The Max OS X build version is stored in the following file on your hard drive:

/System/Library/CoreServices/SystemVersion.plist

On my machine, the build is 9L30. I installed 10.5.8, as usual, via the combo updater (because I’m a paranoid superfreak who also repairs permissions and offers sacrifices to Demeter). This was a prudent three days after 10.5.8 was released, though the combo updater was downloaded two days after release.

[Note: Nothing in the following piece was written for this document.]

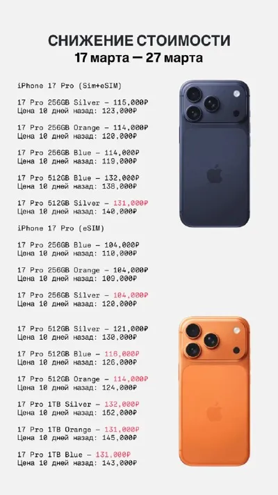 😁😆😁 доллар упал и айфоны снизились, анонсируйте на канале ниже прайсы, парни проверьте все сначала и красивое фото добавьте. я погнал, хороших выходных. iPhone 17 Pro Max (Sim+eSIM) 17 Pro Max
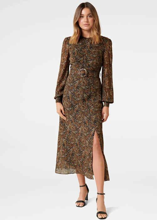 Forever New Midnight Paisley Logan Belted Dress

Lately (in the Holocene epoch), the Mac OS X installers have come in ‘flat’ package format (i.e, “smooth and even; without marked lumps or indentations” or “lacking interest or emotion; dull and lifeless”). This makes them opaque to the casual observer. Fortunately, I am Klondike Kat. The installer .pkg file is actually a xar archive that can be read and extracted with /usr/bin/xar. To extract the package contents into the current working directory:

$ xar -xf /Volumes/Mac\ OS\ X\ Update\ Combined/MacOSXUpdCombo10.5.8.pkg

This gives us an ‘old-style’ (Pleistocene) .pkg file whose contents we can view in Finder. The package contains, among other things, a Payload. Be careful not to ignite it, otherwise you may require intensive care, if not AppleCare. The Payload is a gzip archive, so I slapped a .gz extension on the file and gunzip‘ed it. After extracting that archive, you’re left with … yet another archive. (Apparently the Matryoshka method of software distribution.) The new Payload can be read and extracted with /bin/pax:

$ pax -f Payload -r *SystemVersion.plist

The SystemVersion.plist from my original installer is for build 9L30, but the one from the installer I downloaded today is for build 9L31a. Thus, we have to conclude that Apple ‘hot swapped’ Mac OS X 10.5.8. That is, they switched Mac OS X builds after release without bumping the version number.

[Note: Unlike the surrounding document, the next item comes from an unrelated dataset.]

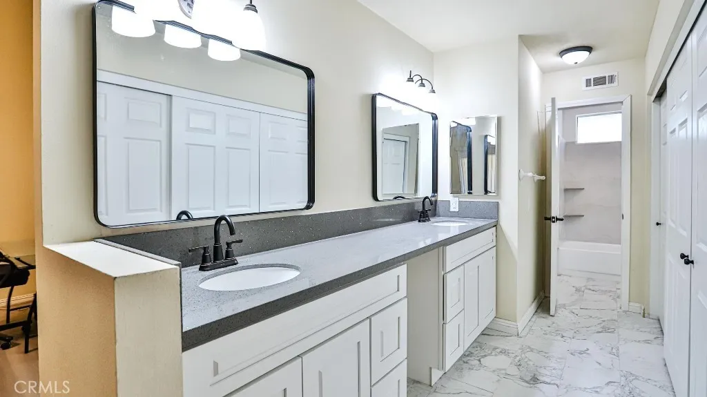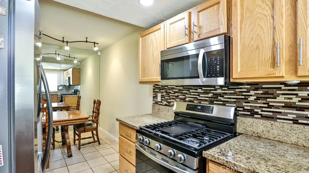 Price improvement! Move right in to this beautiful turnkey townhome located in the desirable gated Fox Glen Community. This bright and spacious 2-bedroom, 1.5-bath home offers 1,147 sq. ft. of comfortable living space. As you enter, youll love the high vaulted ceilings and open floor plan that make the living room feel warm and inviting. Enjoy cozy nights by the fireplace or meals at your dining room that opens to an upgraded kitchen featuring classic cabinets, granite countertops, and upgraded stainless steel appliances. Downstairs also includes a remodeled guest half bath for convenience. Upstairs, youll find two bedrooms connected by a dual access bath with a newly tiled tub, updated fixtures, and new dual vanities great for busy mornings. One bedroom offers a walk-in closet with its own private vanity. Additional features include an attached 2-car garage, newer water heater, new laminate flooring and paint throughout. Youll love living in Fox Glen with access to a community pool, spa, and a convenient location close to the 60 freeway, shopping, dining, and schools. Please come and arrange a tour because this one will not last.
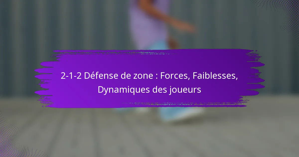 La défense de zone 2-1-2 est une formation stratégique de basketball qui comprend deux joueurs à l’avant, un au milieu et deux à l’arrière, conçue pour protéger la raquette tout en exerçant une pression sur les tireurs extérieurs. Cette configuration perturbe efficacement le flux offensif et contrôle des zones critiques sur le terrain, excelling dans le rebond et la défense intérieure. Cependant, sa structure peut créer des vulnérabilités, notamment contre des tirs extérieurs habiles et des contre-attaques rapides, nécessitant une bonne compréhension de ces faiblesses pour une mise en œuvre réussie.

Why Apple did this remains a mystery. Usually software developers do it when they discover an issue shortly after release but don’t want to go to the trouble of making a public announcement of a new version. What was the issue, and do those of us who have build 9L30 installed still suffer from the issue? For the answer to those questions, you’ll have to read the release notes. ;-)

Snow Leopard hidden Dock preference

August 28th, 2009

In Mac OS X 10.5 and earlier, clicking and holding on an item in the Dock would bring up a contextual menu for that Dock item. In Mac OS X 10.6, popularly known as Snow Leopard, unpopularly known as Leopard Service Pack 1 or “What am I supposed to do with my Power Mac G5 Quad?”, this behavior has changed. One of the new non-Exchange non-features in Snow Leopard is Dock Exposé. Clicking and holding on an application icon in the Snow Leopard Dock invokes Exposé for that application. This is the same effect you see when pressing the F10 key in Tiger and later.

If for some bizarre reason you prefer the old behavior (you backward, reactionary, Obama-hating Luddite), it is possible to bring it back. This is a Lap Cat Software exclusive — you heard it here first, folks! Launch the Terminal application and enter the following:

defaults write com.apple.Dock show-expose-menus -bool no; killall Dock

You’re welcome. Remember me fondly in your will.

It’s over

August 6th, 2009

I figured I’d cruise, at least through the Spring. However, the wheels on the bus go round and round.

rdar://problem/7125338

I am still master of my domain. Although I need to renew before it expires in three weeks.